The three square league Rancho Las Juntas grant was made in 1844. About 1845 the Welch family decided to move permanently from San Jose to the Rancho. The oldest son was sent to build a home near the ruins of the adobe that had been burned by the Indians several years previously. But in 1846, before any improvements could be made, William Welch died. Welch's widow and children moved to the Rancho to join the oldest son.

With the cession of California to the United States following the Mexican-American War, the 1848 Treaty of Guadalupe Hidalgo provided that the land grants would be honored. As required by the Land Act of 1851, a claim for Rancho Las Juntas was filed by James Swansen, administrator of Welch's estate, with the Public Land Commission in 1852, and the grant was patented to the heirs of William Welch in 1870.

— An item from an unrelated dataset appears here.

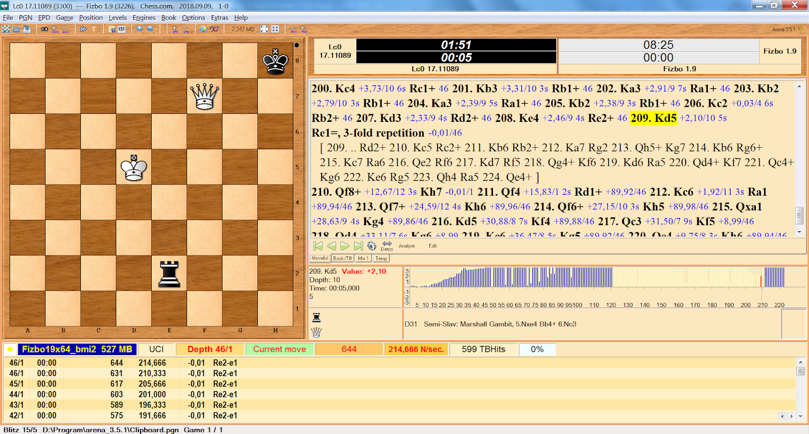 [Event “CCCC 1: Rapid Rumble (15|5) Stage 1”] [Site “Chess.com”] [Date “2018.09.09”] [Round “?”] [White “Leela 11089”] [Black “Fizbo”] [Result “1-0”] [ECO “D31”] [WhiteElo “2400”] [BlackElo “2400”] [PlyCount “221”] [EventDate “2018.??.??”] [EventType “rapid”] [TimeControl “900+5”] 1. d4 d5 2. c4 e6 3. Nc3 c6 4. e4 dxe4 5. Nxe4 Bb4+ 6. Nc3 Nf6 7. a3 Bxc3+ 8. bxc3 Nbd7 9. Nf3 O-O 10. a4 c5 11. a5 b6 12. Bd3 bxa5 13. O-O Bb7 14. Re1 Rc8 15. Ne5 cxd4 16. cxd4 Nxe5 17. Rxe5 Ba6 18. Ra4 Nd7 19. Bg5 Qb6 20. Re1 Qb7 21. Be4 Qc7 22. c5 Rfe8 23. Ra3 Nf8 24. Qa4 Bb7 25. Bf4 Qxf4 26. Bxb7 Rcd8 27. Rd1 Re7 28. Bf3 Ng6 29. g3 Qc7 30. Rb3 Rc8 31. h4 Rd7 32. Rb7 Qxb7 33. Bxb7 Rxb7 34. Qxa5 Ne7 35. Qa6 Rcc7 36. Qa2 Nd5 37. Rb1 h5 38. Rxb7 Rxb7 39. Qa6 Rc7 40. f3 Kh7 41. g4 hxg4 42. fxg4 g6 43. Kf2 Kg7 44. Qb5 Rc8 45. Qb7 Rc7 46. Qb8 Rd7 47. Qb5 Re7 48. Kg3 Rc7 49. Kf3 Kg8 50. Kf2 Kg7 51. Kg3 Rc8 52. Qb7 Rc7 53. Qb5 Rc8 54. Qb7 Rc7 55. Qb8 Rd7 56. Qc8 Nf6 57. g5 Ne4+ 58. Kh3 Rxd4 59. c6 Rd3+ 60. Kg2 Nc3 61. c7 Rd2+ 62. Kh1 Rd1+ 63. Kh2 Rd2+ 64. Kg1 Rd1+ 65. Kh2 Rd2+ 66. Kg3 Rd3+ 67. Kg2 Rd2+ 68. Kf3 Rd3+ 69. Kf2 Rd2+ 70. Ke1 Rd1+ 71. Kf2 Rd2+ 72. Ke3 Rh2 73. Qf8+ Kxf8 74. c8=Q+ Kg7 75. Qxc3+ Kg8 76. Qd4 {This is the play of Leela(white) with 3,4,5,6 TBs with 1.000.000 nodes per move(and around 50.000 to 120.000 TB hits per move) versus SF dev with 3-7 TBs. Up to 80th move the Leela with TBs didn’t deviate. Then, in 80th move Leela with TBs played 80. Qa8+ instead of 80.Qd7 of the real game.} a5 77. Kf3 a4 78. Qxa4 Rh1 79. Kg2 Rb1 80. Qa8+ {Here Leela with TBs deviates and plays Qa8+} (80. Qd7 {Real game on CCCC(Leela with no TBs) went like this…..} Rb2+ 81. Kf3 Rb3+ 82. Kf2 Rb2+ 83. Ke3 Rb3+ 84. Ke2 Rb2+ 85. Kf1 Rb1+ 86. Ke2 Rh1 87. Qd4 e5 88. Qa4 Rh3 89. Kf2 Kg7 90. Qe4 Kg8 91. Kg2 Ra3 92. Qc6 Ra2+ 93. Kg3 e4 94. Qe8+ Kg7 95. Qe5+ Kg8 96. Qxe4 Ra3+ 97. Kg4 Ra6 98. Qe8+ Kg7 99. Kf3 Re6 100. Qc8 Re7 101. Qc3+ Kg8 102. Qc6 Re6 103. Qa8+ Kg7 104. Kf2 Rd6 105. Qa1+ Kg8 106. Ke3 Re6+ 107. Kf4 Kh7 108. Qd4 Kg8 109. Kg4 Kh7 110. Qd8 Kg7 111. Qa8 Rb6 112. Qa1+ Kg8 113. Qa8+ Kg7 114. Qa1+ Kg8 115. Qa5 Rd6 116. Qa8+ Kg7 117. Qa1+ Kg8 118. Qa8+ Kg7 119. Qa1+ Kg8 120. h5 gxh5+ 121. Kxh5 Re6 122. Kg4 Rb6 123. Qa8+ Kg7 124. Qa1+ Kg8 125. Qa7 Re6 126. Qb8+ Kg7 127. Kf5 Ra6 128. Qb2+ Kg8 129. Kf4 Ra4+ 130. Kg3 Ra6 131. Qb8+ Kg7 132. Qe5+ Kg8 133. Qb2 Re6 134. Kf4 Ra6 135. Qb8+ Kg7 136. Qe5+ Kg8 137. Qe8+ Kg7 138. Qc8 Rb6 139. Qc3+ Kg8 140. Qa5 Rd6 141. Qa8+ Kg7 142. Qa1+ Kg8 143. Qa5 Re6 144. Qa3 Rb6 145. Qa8+ Kg7 146. Qa1+ Kg8 147. Kg4 Rb4+ 148. Kg3 Rb3+ 149. Kh4 Rb4+ 150. Kh3 Rb3+ 151. Kh4 Rb4+ 152. Kg3 Rb3+ 153. Kf4 Rb4+ 154. Kf3 Rb3+ 155. Kf4 Rb4+ 156. Kf3 Rb3+ 157. Kf2 Rb6 158. Qa8+ Kg7 159. g6 Rxg6 160. Ke2 Rb6 161. Qa1+ Kg8 162. Qa3 Rb1 163. Qa8+ Kg7 164. Qg2+ Kh8 165. Qh2+ Kg7 166. Qe5+ Kg8 167. Qg5+ Kf8 168. Qd5 Kg7 169. Qg2+ Kh8 170. Qh3+ Kg7 171. Qg3+ Kh8 172. Qc7 Rb2+ 173. Ke3 Rb1 174. Qxf7 Re1+ 175. Kd4 Rd1+ 176. Ke5 Re1+ 177. Kd5 Rd1+ 178. Ke6 Re1+ 179. Kd7 Rd1+ 180. Ke6 Re1+ 181. Kd6 Rd1+ 182. Kc5 Rc1+ 183. Kd4 Rd1+ 184. Kc4 Rc1+ 185. Kd3 Rd1+ 186. Ke4 Re1+ 187. Kd5 Rd1+ 188. Kc6 Rc1+ 189. Kd6 Rd1+ 190. Kc5 Rc1+ 191. Kb4 Rb1+ 192. Kc3 Rc1+ 193. Kd3 Rd1+ 194. Ke2 Re1+ 195. Kd2 Rd1+ 196. Kc3 Rc1+ 197. Kd2 Rd1+ 198. Kc2 Rc1+ 199. Kb3 Rb1+ 200. Kc4 Rc1+ 201. Kb3 Rb1+ 202. Ka3 Ra1+ 203. Kb2 Rb1+ 204. Ka3 Ra1+ 205. Kb2 Rb1+ 206. Kc2 Rb2+ 207. Kd3 Rd2+ 208. Ke4 Re2+ 209. Kd5 Re1 210. Qf8+ Kh7 211. Qf4 Rd1+ 212. Kc6 Ra1 213. Qf7+ Kh6 214. Qf6+ Kh5 215. Qxa1 Kg4 216. Kd5 Kf4 217. Qc3 Kf5 218. Qd4 Kg6 219. Ke6 Kg5 220. Qe4 Kh6 221. Qg4 Kh7 222. Kf6 Kh6 223. Qh3#) 80… Kg7 81. Qa5 Rb2+ 82. Kg3 Rb3+ 83. Kf2 Rb2+ 84. Ke1 Rb1+ 85. Ke2 Rb2+ 86. Kf3 Rb3+ 87. Kf4 Rb1 88. Qc3+ Kf8 89. Qh8+ Ke7 90. h5 Rb4+ 91. Ke3 Rb3+ 92. Kd2 gxh5 93. Qf6+ Kd6 94. Qxf7 Rh3 95. g6 Rh2+ 96. Kd3 Rh3+ 97. Kd4 e5+ 98. Ke4 Rh4+ 99. Ke3 Rh3+ 100. Kf2 Rh2+ 101. Kg3 Rc2 102. g7 Rc3+ 103. Kh4 Rc8 104. Kxh5 Kc6 105. g8=R Rxg8 106. Qxg8 Kd6 107. Kg6 Kc5 108. Kf5 Kd4 109. Qb3 e4 110. Kf4 e3 111. Qxe3+ 1-0

In 1852 Henry Bush purchased Welch land, approximately 600 acres along the eastern bank of Alhambra Creek and going south from approximately Brown Street in Martinez. He was the brother of Obadiah Bush, the ancestor of two US Presidents. His wife joined him soon after, bringing their family from the East Coast. In 1879 the widow Bush sold the northern 70 acres of their ranch to the Christian Brothers, where they built their seminary and grew grapes for wine production. In 1930, their land was sold for residential development.

In 1855 David and Martha Boss owned over 1000 acre in what is now Pleasant Hill. Judge F. M. Warmcastle had a farm of 300 acre, Colonel Lathrop had 945 acre and Colonel Gift had 733 acre. William Hook (1805-1882), a Martinez businessman, bought his first land in 1854 and continued to add to his holdings until, in 1879, he owned 1700 acre.